Another question I would ask is, “Whose responsibility do you think it should be to fix the problem?” If they say something like “Some problems can’t be fixed,” or, “It goes to management,” then I know they might not be a good fit either, because nearly any customer problem should be looked at as an opportunity to improve services or fix a broken process. We always try to do something to fix a customer complaint whenever it’s possible. I also like to ask people about a problem they solved for a customer where they really felt great about the outcome. I appreciate the customer service person who starts the story by describing the worst kind of complaint you could imagine, because that tells me they love making things right!


Jon Hill

@TEnergists

Jonathan brings 25 years of hands-on operational experience in the upstream oil and gas industry in his role as Chairman & CEO for The Energist’s executive search and recruiting team. Prior to The Energists, Jonathan was VP Marketing & Technology at Schlumberger.

“Here are my three most useful questions to ask in interviews for customer service positions…”

1) Tell me about a difficult customer interaction you’ve had, and how you resolved the situation. An open-ended question like this gives you a lot of information. You can tell from the situation described what the individual sees as a “difficult interaction.” It also shows their ability to work with customers and improve their experience.

2) How do you define good customer service? This question helps you to assess whether the employee’s values in this regard align with yours as a company. It’s also a good indicator of whether the candidate has thought about customer service with any depth, or whether they’re just looking for any job.
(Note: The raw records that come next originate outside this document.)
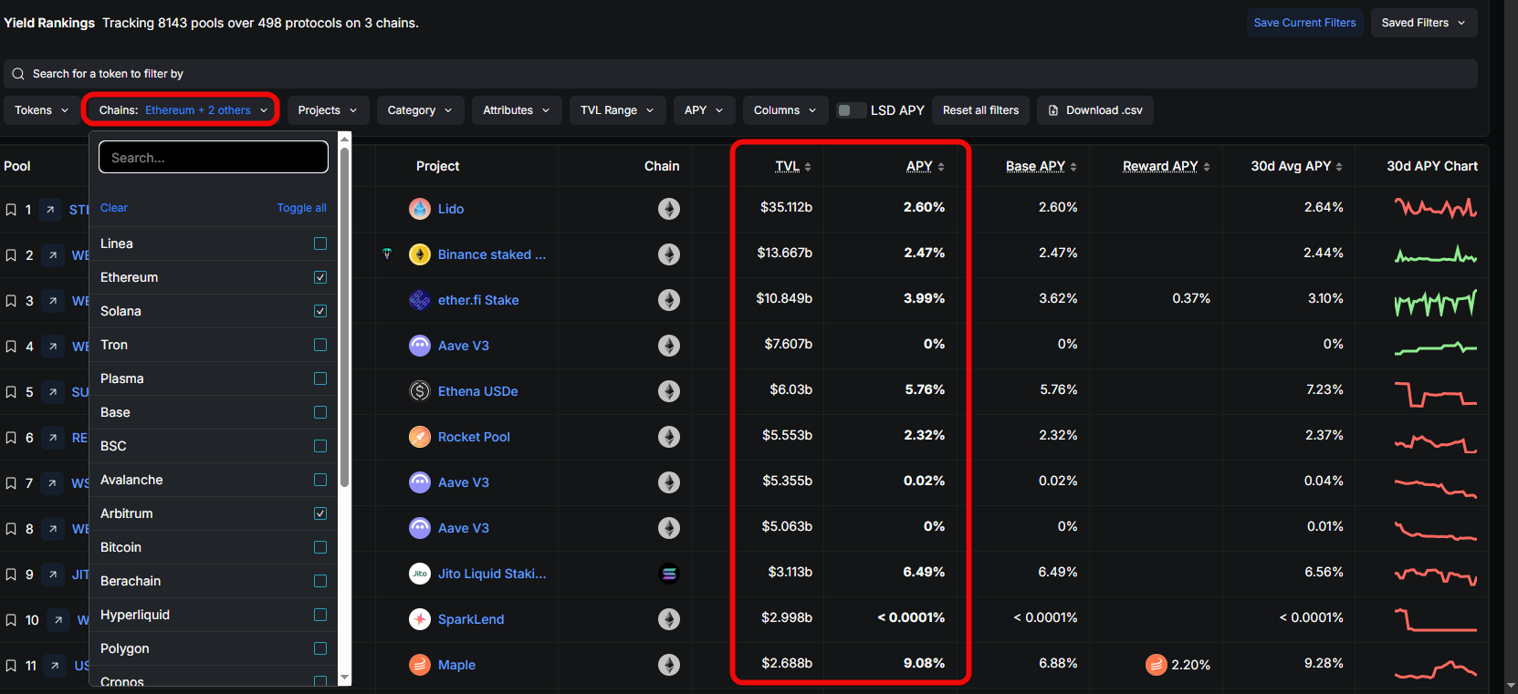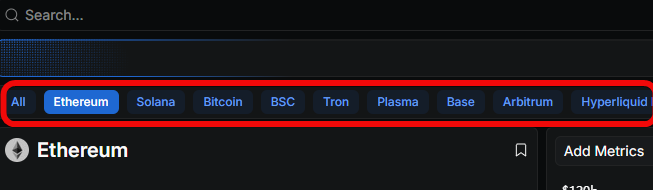 Experienced investors also search for protocols through attributes. First, they select a chain – Ethereum, Arbitrum, Solana – and keep one or several to reduce noise.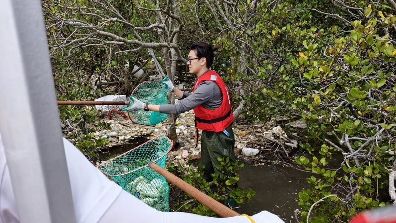 3月,项目团队在多处地点开展了净滩和培训活动。 一共举办了7场净滩活动,将近400位志愿者参与和1场以旧换新,27位渔民参与兑换。 志愿者进入复杂的红树林区域,清理难处理的垃圾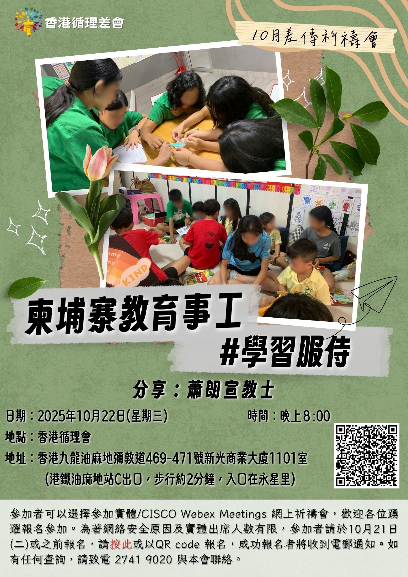 - 請為10月4-9日的越南文化交流團禱告,願主保守隊員的身心靈,在短宣中經歷主的帶領及恩典,更多學習倚靠主。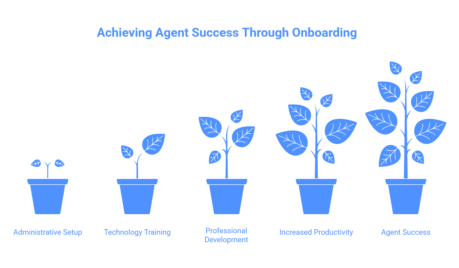 This encompasses orientation, training, technology setup, mentorship, and ongoing support—all designed to help agents quickly become productive in serving clients.
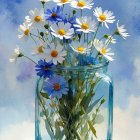 Vibrant Abstract Floral Painting with Blue and Yellow Flowers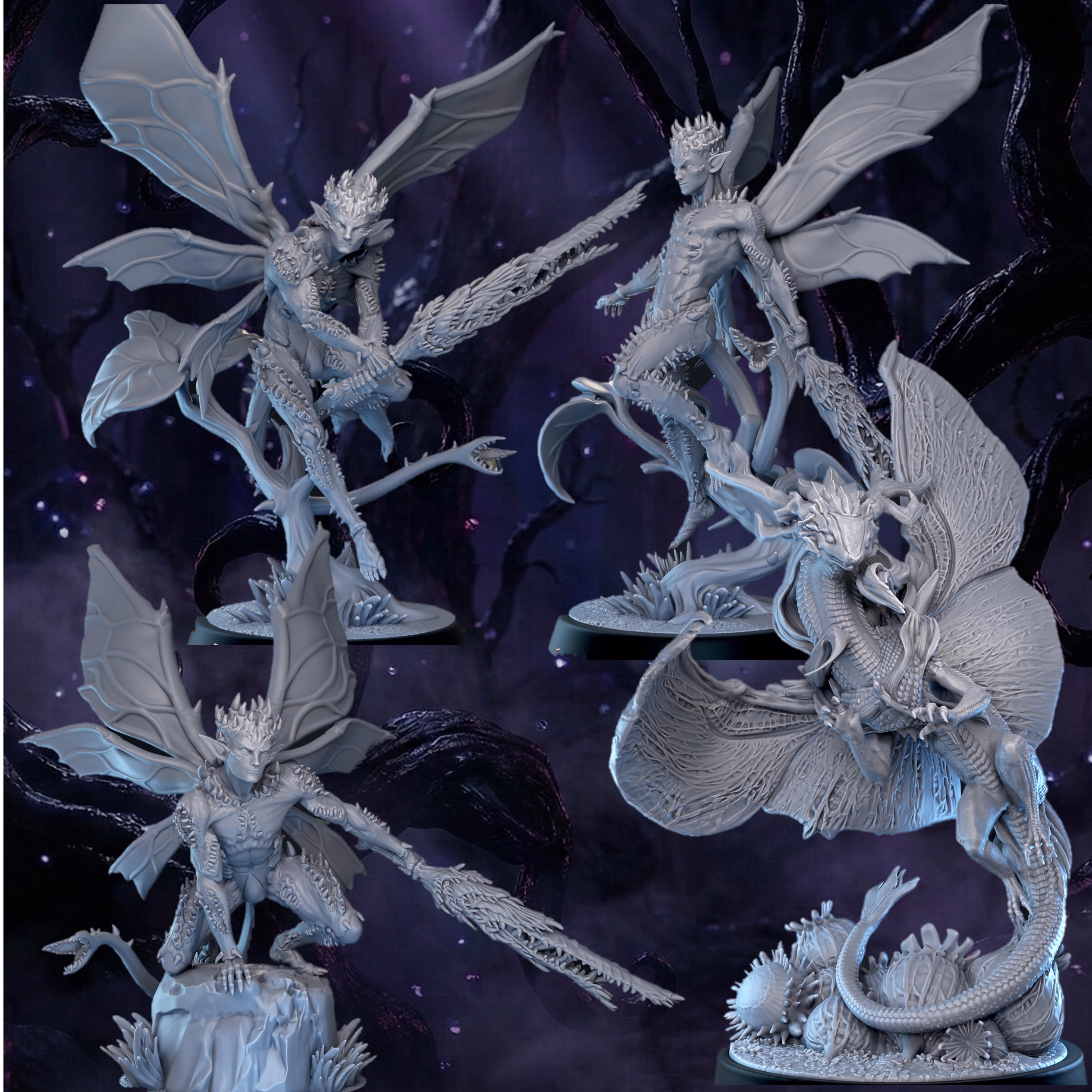 Fluttering bundles of teeth and sinew, the Osseous Knights serve as the serrated edge of the Sovereign’s will. Accompanied by the serpentine Bambelin, these blighted fey hunt for living flesh and warm, gushing blood within the sun-starved thickets of Evermere. They are the carnal impulse of the forest made manifest, born from a ravaging desire to rip, slice, and tear.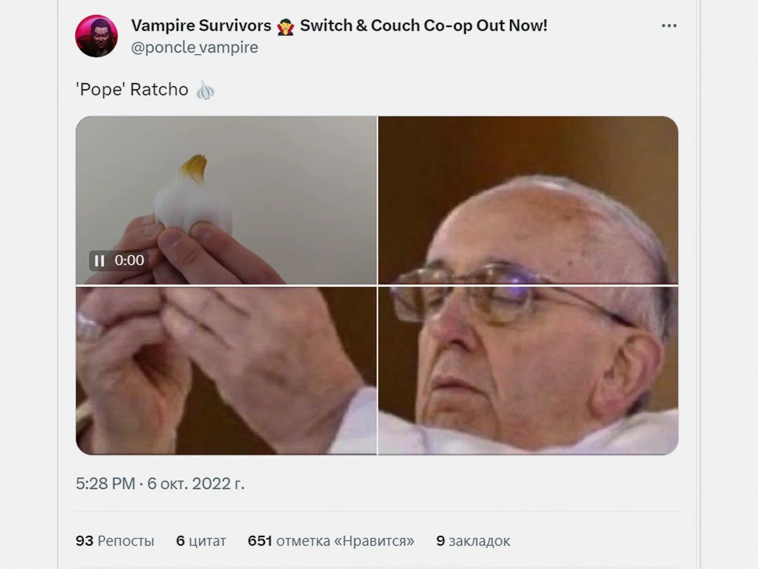 - Узнайте, что нравится аудитории. Так, фанатам Vampire Survivors особенно полюбились персонаж По Ратчо и его базовое оружие, чеснок. Соответственно, Бет стала постить больше мемов с их участием, потому что пользователи охотно лайкают и делятся этими публикациями.

3) Describe a time you’ve received poor customer service, and how you handled the situation. Or: Describe the best customer service you’ve ever received, and why it was so good. I like these questions because they show the candidate’s ability to differentiate good service from bad service.


Maciej Duszynski

@zety_com

Maciej Duszynski is the career expert at Zety.

“Here are two questions you can ask to a candidate for the position of manager in

a customer service team…”

  1. How do you keep the balance between abusive clients, brand image, and product/service revenue?

Let’s face it: lots of clients try to use their client status as leverage to get better deals. Sometimes it’s worth letting them win the arm-wrestle. Other times not. A CS Manager needs to know how to handle the ship amidst the seas of abusive clients, the fluctuations of brand image, and the need for revenue. More specifically, he needs to be able to come up with a coherent overarching strategy for CS.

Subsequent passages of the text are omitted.